/gossip-style-membership

My solution to the programming assignment of Cloud Computing Concepts.

Primary LanguageC++

Gossip style Membership Protocol

This is my solution the programming assignment for the Cloud Computing Concepts course by University of Illinois.

Membership Protocol is a failure detection protocol used in distributed systems that monitors which processes are operating in the system, which have failed or have newly joined the system. A membership potocol must perform two steps:
1. Failure detection: Detect which processes have joined or left the system.
2. Dissemination: Passes this informataion to other members in the system.

Properties

1. Completeness: Membership Protocol should have 100% completeness i.e. any non-faulty process should be able to detect all the failures that happen it the system.
2. Accuracy: It must also be very accurate close to 100% i.e. the number of false positives should be as low as possible.
3. Speed: Time of first failure detected should be as low as possible.
4.Scale: Each member should have equal load.

Completeness and accuracy together can’t be achieved in lossy networks. Membership Protocol must ensure 100% completeness but we can afford little less than 100% accuracy as it will only add up additional overhead of false positives but we detect all the failures.

For the purpose of detecting failures, membership protocol can use different methods of heartbeating such as Centralized Heartbeating, Ring Heartbeating, All to all heartbeating or gossip style heartbeating. I have implemented gossip based heart beating algorithm in this repository.

Gossip Style Failure Detection

Each node maintains a membership list which contain information of all the nodes currently in the network. Each entry in the list contains the address, heartbeat counter and the local timestamp at which the entry was last updated. Each node gossips its membership list to b random nodes who update their lists.If a node's hertbeat counter is not since the cleanup time from the last entry it is removed from the list. This is how it works. alt text

Implementation

For implementation purpose the problem since it is infeasible to run a thousand cluster nodes (peers) over a real network, they provided an implementation of an emulated network layer (EmulNet). Membership protocol implementation will sit above EmulNet in a peer- to-peer (P2P) layer, but below an App layer. It is like a three-layer protocol stack with Application, P2P, and EmulNet as the three layers (from top to bottom).

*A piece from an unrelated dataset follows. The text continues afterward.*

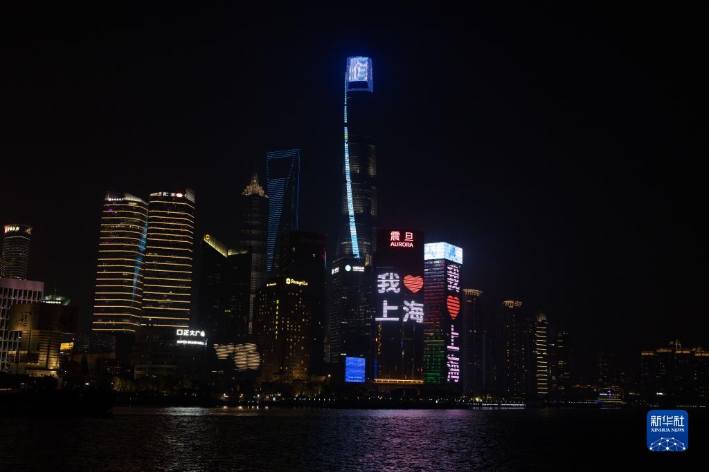 3月31日晚,上海外灘的大屏上顯示出“我愛(ài)上?!钡臉苏Z(yǔ)。

In the assignment I have implemented nodeLoopOps(), and the recvCallBack() functions. Both functions are invoked by nodeLoop() to periodically perform protocol routines. Each new peer contacts a well-known peer (the introducer) to join the group. This is implemented through JOINREQ and JOINREP messages. JOINREQ messages reach the introducer, and sends a JOINREP message to inform all the nodes in the system about new node being added. JOINREP messages specify the cluster member list. This implementation of membership protocol satisfies completeness all the time (for joins and failures), and accuracy when there are no message delays or losses (high accuracy when there are losses or delays).

Grader Testing

To run the code on the grader tests use the following commands.

make
chmod +x Grader.sh
./Grader.sh